Directions — A faithful copy of the listing below is needed, with its pictures left out.
Raw data below:
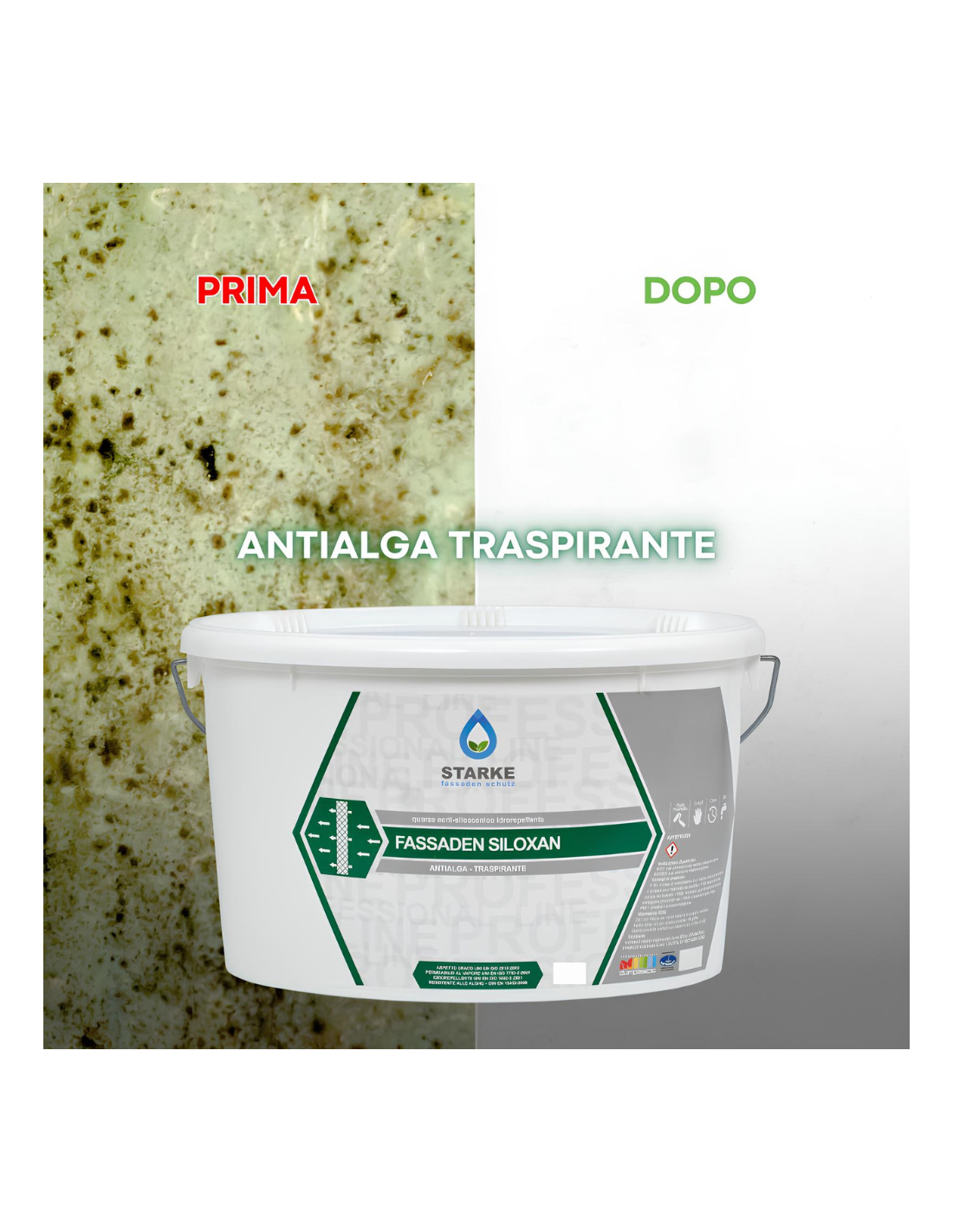 - FUNZIONALITÀ: garantisce elevata protezione traspirante e idrorepellente contro muffe, alghe e umidità su superfici murali esposte e vulnerabili
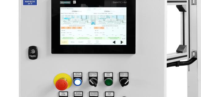 Cykl rozpoczyna się od załadowania elementu przez operatora na gniazdo paletki w wysuniętej szufladzie. Po ustaleniu detalu operator inicjuje pracę przyciskiem „Start”. System, poprzez panel HMI, weryfikuje stan czujników pozycjonujących; w przypadku błędu, operator otrzymuje precyzyjną informację, który punkt wymaga korekty. Start procesu jest możliwy wyłącznie przy aktywnej blokadzie stołu obrotowego.
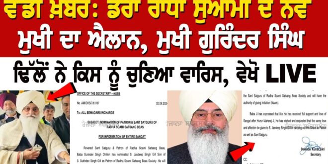 ਸਾਰੇ ਸੇਵਾਦਾਰਾਂ ਅਤੇ ਇੰਚਾਰਜਾਂ ਨੂੰ ਪੱਤਰ ਭੇਜਿਆ ਗਿਆ——–ਇਸ ਸਬੰਧੀ ਸਮੂਹ ਸੇਵਾ ਇੰਚਾਰਜਾਂ ਨੂੰ ਭੇਜੇ ਪੱਤਰ ਵਿੱਚ ਕਿਹਾ ਗਿਆ ਹੈ ਕਿ ਸਤਿਕਾਰਯੋਗ ਸੰਤ ਸਤਿਗੁਰੂ ਅਤੇ ਰਾਧਾ ਸੁਆਮੀ ਸਤਿਸੰਗ ਬਿਆਸ ਦੇ ਸਰਪ੍ਰਸਤ ਬਾਬਾ ਗੁਰਿੰਦਰ ਸਿੰਘ ਢਿੱਲੋਂ ਨੇ ਸੁਖਦੇਵ ਸਿੰਘ ਗਿੱਲ ਦੇ ਸਪੁੱਤਰ ਜਸਦੀਪ ਸਿੰਘ ਗਿੱਲ ਨੂੰ ਸਰਪ੍ਰਸਤ ਨਾਮਜ਼ਦ ਕੀਤਾ ਹੈ। ਰਾਧਾ ਸੁਆਮੀ ਸਤਿਸੰਗ ਬਿਆਸ ਸੋਸਾਇਟੀ। ਉਹ 02 ਸਤੰਬਰ, 2024 ਤੋਂ ਤੁਰੰਤ ਪ੍ਰਭਾਵ ਨਾਲ ਸਰਪ੍ਰਸਤ ਵਜੋਂ ਉਨ੍ਹਾਂ ਦੀ ਥਾਂ ਲੈਣਗੇ।
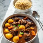 For a fun twist, you can serve the oxtail stew in individual deep bowls layered atop coconut rice, garnished with a side of steamed callaloo or sautéed greens. another crowd-pleasing idea is to turn leftovers into a flavorful Jamaican oxtail sandwich packed with tender meat and drizzled with a touch more of that rich sauce.
End of Raw data.
Problem solution —
 - FUNZIONALITÀ: garantisce elevata protezione traspirante e idrorepellente contro muffe, alghe e umidità su superfici murali esposte e vulnerabili
 Cykl rozpoczyna się od załadowania elementu przez operatora na gniazdo paletki w wysuniętej szufladzie. Po ustaleniu detalu operator inicjuje pracę przyciskiem „Start”. System, poprzez panel HMI, weryfikuje stan czujników pozycjonujących; w przypadku błędu, operator otrzymuje precyzyjną informację, który punkt wymaga korekty. Start procesu jest możliwy wyłącznie przy aktywnej blokadzie stołu obrotowego.
 ਸਾਰੇ ਸੇਵਾਦਾਰਾਂ ਅਤੇ ਇੰਚਾਰਜਾਂ ਨੂੰ ਪੱਤਰ ਭੇਜਿਆ ਗਿਆ——–ਇਸ ਸਬੰਧੀ ਸਮੂਹ ਸੇਵਾ ਇੰਚਾਰਜਾਂ ਨੂੰ ਭੇਜੇ ਪੱਤਰ ਵਿੱਚ ਕਿਹਾ ਗਿਆ ਹੈ ਕਿ ਸਤਿਕਾਰਯੋਗ ਸੰਤ ਸਤਿਗੁਰੂ ਅਤੇ ਰਾਧਾ ਸੁਆਮੀ ਸਤਿਸੰਗ ਬਿਆਸ ਦੇ ਸਰਪ੍ਰਸਤ ਬਾਬਾ ਗੁਰਿੰਦਰ ਸਿੰਘ ਢਿੱਲੋਂ ਨੇ ਸੁਖਦੇਵ ਸਿੰਘ ਗਿੱਲ ਦੇ ਸਪੁੱਤਰ ਜਸਦੀਪ ਸਿੰਘ ਗਿੱਲ ਨੂੰ ਸਰਪ੍ਰਸਤ ਨਾਮਜ਼ਦ ਕੀਤਾ ਹੈ। ਰਾਧਾ ਸੁਆਮੀ ਸਤਿਸੰਗ ਬਿਆਸ ਸੋਸਾਇਟੀ। ਉਹ 02 ਸਤੰਬਰ, 2024 ਤੋਂ ਤੁਰੰਤ ਪ੍ਰਭਾਵ ਨਾਲ ਸਰਪ੍ਰਸਤ ਵਜੋਂ ਉਨ੍ਹਾਂ ਦੀ ਥਾਂ ਲੈਣਗੇ।
 For a fun twist, you can serve the oxtail stew in individual deep bowls layered atop coconut rice, garnished with a side of steamed callaloo or sautéed greens. another crowd-pleasing idea is to turn leftovers into a flavorful Jamaican oxtail sandwich packed with tender meat and drizzled with a touch more of that rich sauce.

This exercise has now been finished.